How do the other two MLE estimations tackle the challeges posed with Joint MLE?
They do not require to estimate the latent trait values explicitly for each person separately. θ is no longer a parameter, all free parameters are the item parameters
What is involved in conditional maximum likelihood?
Conditional on the sum score, θ disappears. When you plug in the sum score for each person, the latent trait is cancelled out from the likelihood function and you only have the item parameters.
What are the disadvantages of the conditional MLE?
Its only applicable to the Rasch model (since there is no common discrimination parameter)
How do you calculate conditional MLE in R? What kind of parameter does this calculation use?
Using the package eRm:
res <- RM(data)
res
coef(res) #to get the parameters
Estimates item easiness bi:
𝑃 (𝑋𝑝𝑖 =1 | 𝜃𝑝) = e^𝜃p + bi / 1 + e^𝜃p + bi
(rather than difficulty parameter e^𝜃p - bi / 1 - e^𝜃p + bi)
(So the larger the value, the easier the item)
What is the advantage of using marginal MLE?
It is applicable to practically all IRT models
What is a disadvantage of using marginal MLE?
It assumes a normal distribution for θ, you need this normal distribution to marginalise out the latent variable; you sum over all the possible values for the latent variable in your likelihood function
How do you calculate marginal MLE in R?
Use package ltm in R (as well as many of the estimations for IRT)
library(ltm)
res1pl = rasch(data)
res1pl
In docs you’ll see a screenshot of conditional MLE output.
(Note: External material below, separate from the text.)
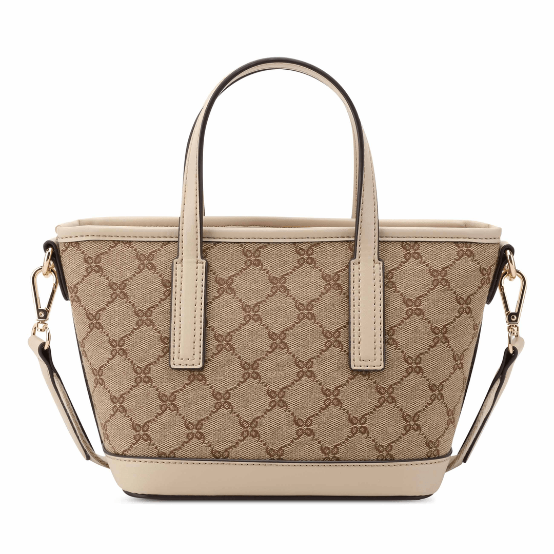 Discover the Nine West Avaya Mini Tote Crossbody in Mocha Logo/Beige

Describe what information this output gives
The conditional log likelihood indicates the value of the likelihood of the data given these parameters at the maximum. The difficulty parameters give the difficulty parameter estimate for each item.
This gives the easiness parameters, the first beta listed is one of the easiest items with a high score and the last beta listed is one of the most difficult items with a low score (true only for this data).
In docs you’ll see a screenshot of marginal MLE output. Describe what information the coefficients give
You get a common discrimination parameter at the bottom since marginal likelihood assumes that the slopes are equal. The rest are normal difficulty parameters loosely listed from easier parameters to more difficult parameters (true only for this data) with lower scores indicating easier items
The log.Lik indicates the log likelihood; the value of the likelihood of the data given these parameters at the maximum.